Statistical analysis
Statistical analyses were done within R version 4.2.2 (Team R
Development Core, 2022). First, we performed a principal component
analysis (PCA) on above- and below-ground plant traits where values of
individual traits were standardized using z-transformation by using the
function PCA from the FactoMinerR package(Csardi & Nepusz 2006). The
explained variance from the first two PCs and individual plant trait
loading weightage on them were extracted. To test the contribution of
PCA loadings, a combination of a threshold selected using the number of
dimensions (Richman 1988) and a bootstrapped eigenvector method
(Peres-Neto, Jackson & Somers 2003) were used. For plant traits and
bacterial diversity indices (ASV Richness, Shannon diversity, and
Pielou’s evenness), we performed linear models to test the main effects
of domestication (wild versus modern barley), soil microbiome (DSM
versus NSM), and their interactions. The step-wise data exploration
protocol from (Zuur, Ieno & Elphick 2010) was followed to avoid common
statistical errors in which, the mean-variance relationship from
residual plots was visually checked. Measured plant and bacterial
variables are presented as means with 95% confidence intervals that
were computed by using a non-parametric bootstrap resampling with 10,000
iterations. The 95% confidence intervals are referred to as
compatibility intervals (95% CI), henceforth (Amrhein & Greenland
2018; Berner & Amrhein 2022). Given the practice of usingp -values (α = 0.05) as dichotomous to test the null hypothesis
and to favor ‘statistically significant’ over ‘non-significant’ results,
we refrain from using the above-mentioned terms and mostly mentioned the
mean differences between treatments and effect sizes wherever possible
while interpreting our results (Halsey 2019; Berner & Amrhein 2022).

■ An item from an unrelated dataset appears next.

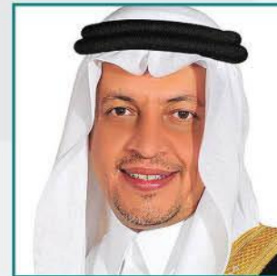
معالي وزير التخطيط والاقتصاد محمد بن مزيد التويجري

We performed network analysis to investigate how multiple plant traits
are interacting. In the network analysis, traits are assigned as nodes
and their connections as edges. We extracted network parameters such as
edge density, diameter, distance, and modularity which have clear
ecological significance (Flores-Moreno et al. 2019). For
instance, edge density is the ratio of present to total possible
connections, ranging from 0 to 1 and traits with higher edge density are
considered more efficient. Modularity determines connectivity among
trait modules where trait networks with higher modularity have tighter
traits within than between modules. Trait networks with shorter diameter
and mean distance imply stronger coordination among various traits. For
the trait-trait relationship, data was log-transformed followed by the
calculation of correlation coefficients for both wild and modern barley
separately for DSM and NSM. Trait network analysis was described by
significant correlation coefficients and illustrated by using the igraph
package (Csardi & Nepusz 2006). Network properties such as edge
density, network diameter, mean path length, and modularity were
extracted (He et al. 2020; Xie, Wang & Li 2022). We excluded
root AMF colonization data from correlation and trait networks as this
dataset was comprised of many zero values.
The effect of DSM verus NSM and wild versus modern barley on overall
bacterial community composition was analyzed via NMDS ordination of
weighted uniFrac distance and PERMANOVA using the ordinate and adonis2
function of the vegan package (Oksanen et al. 2022), whereas, for
the identification of biomarker taxa, a generalized linear model was
used from MASS package (Ripley 2023). Additionally, differences between
log2fold changes were calculated and both LEfSe (Linear discriminant
analysis Effect Size) and ANCOMBC (Analysis of Compositions of
Microbiomes with Bias Correction) were used to validate the results.
Multiple test correction was performed by p-value adjustment via the
Benjamini-Hochberg method. The core microbiome of barley species under
DSM and NSM was defined as genera occurring with 0.1% in at least 75%
of replicates. Plots were created in R using ggplot2 (Wickham et
al. 2023) and metacoder (Zachary, Grunwald & Gilmore 2023) packages.